Interference Relay Channels - Part II: Power Allocation Games

TL;DR

This paper analyzes power allocation games in multi-band interference relay channels, proving the existence of Nash equilibria and exploring Stackelberg game models with relay optimization.

Contribution

It extends previous work by modeling multi-band IRCs, establishing equilibrium existence, and incorporating relay parameter optimization in a Stackelberg game framework.

Findings

Concave power allocation games guarantee pure Nash equilibria.

Relay optimization as a leader influences source power strategies.
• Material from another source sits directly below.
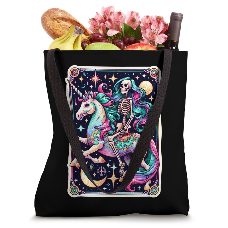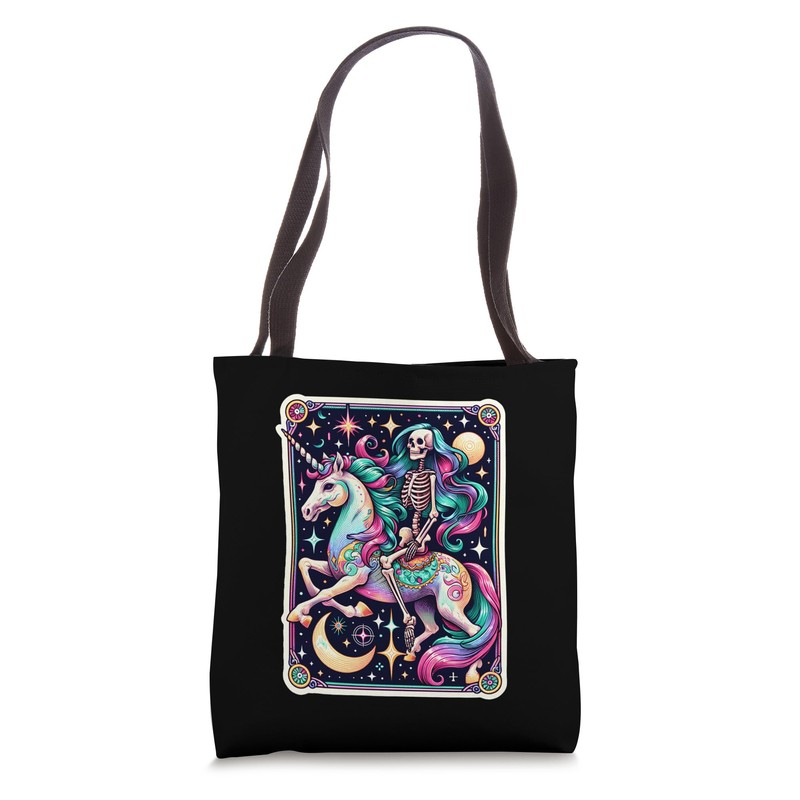 Skeleton Riding Unicorn Tarot Card Celestial Fantasy Art Tote Bag

Simulations provide insights into game dynamics and equilibrium behavior.

Abstract

In the first part of this paper we have derived achievable transmission rates for the (single-band) interference relay channel (IRC) when the relay implements either the amplify-and-forward, decode-and-forward or estimate-and-forward protocol. Here, we consider wireless networks that can be modeled by a multi-band IRC. We tackle the existence issue of Nash equilibria (NE) in these networks where each information source is assumed to selfishly allocate its power between the available bands in order to maximize its individual transmission rate. Interestingly, it is possible to show that the three power allocation (PA) games (corresponding to the three protocols assumed) under investigation are concave, which guarantees the existence of a pure NE after Rosen [3]. Then, as the relay can also optimize several parameters e.g., its position and transmit power, it is further considered as the leader of a Stackelberg game where the information sources are the followers. Our theoretical analysis is illustrated by simulations giving more insights on the addressed issues.